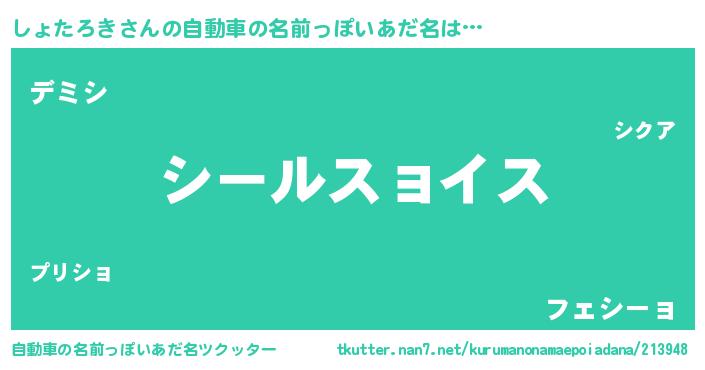 | 胡散臭い通販商品みたいなあだ名 | 『絶対に幸福をもたらす水素水…その名も「しょたろき」』 |
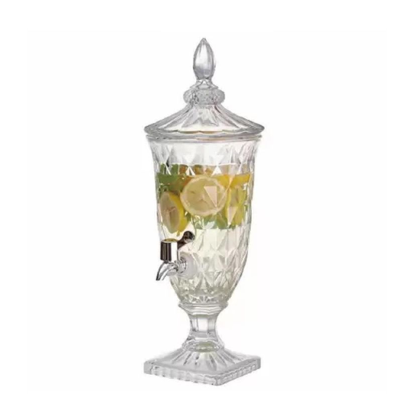 Suqueira Cristal Bebidas Vidro Dispenser 2 Litros Torneira Luxo Vintage Festa Casamento
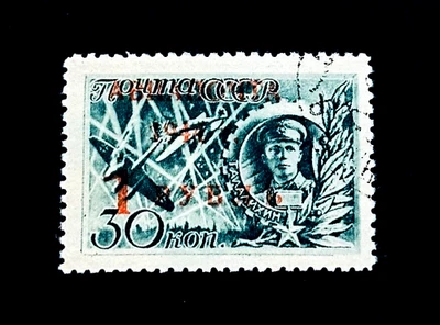 Russia USSR Stamp - 1944 WWII Military Soldier Overprint Air Mail 30kr CTO MNG
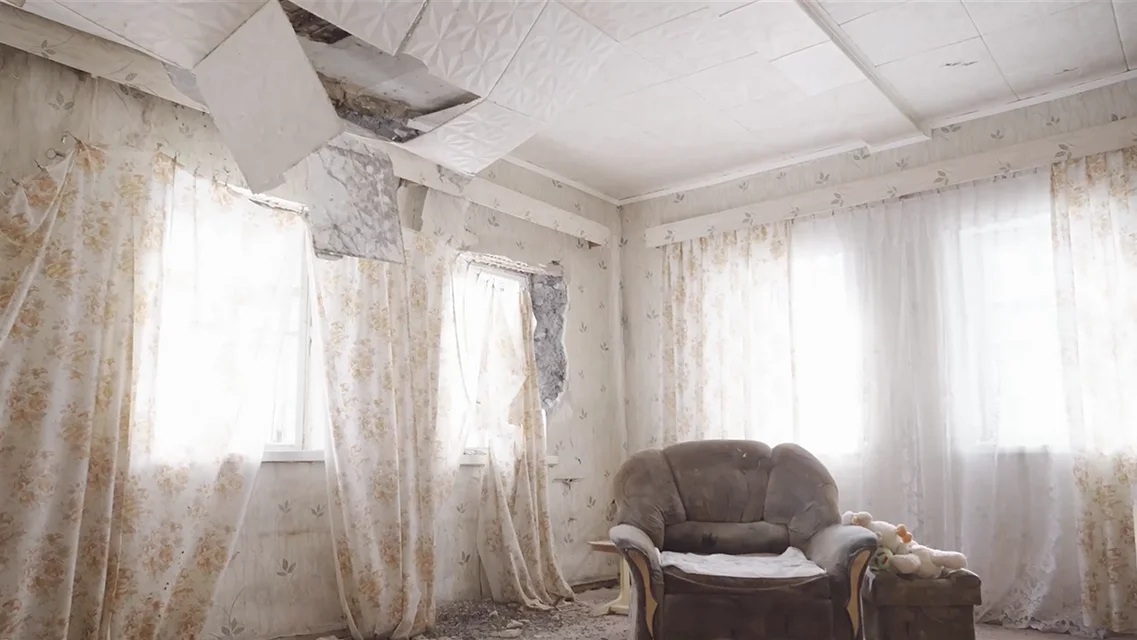 Зеленые стены испещрены следами осколков. Одна из дыр — сквозная. Крыша пробита.

▶ [Directions] What is needed is the full material, retyped unchanged, with no pictures in it.

▶ [Exercise output]
 | 胡散臭い通販商品みたいなあだ名 | 『絶対に幸福をもたらす水素水…その名も「しょたろき」』 |
 Suqueira Cristal Bebidas Vidro Dispenser 2 Litros Torneira Luxo Vintage Festa Casamento
 Russia USSR Stamp - 1944 WWII Military Soldier Overprint Air Mail 30kr CTO MNG
 Зеленые стены испещрены следами осколков. Одна из дыр — сквозная. Крыша пробита.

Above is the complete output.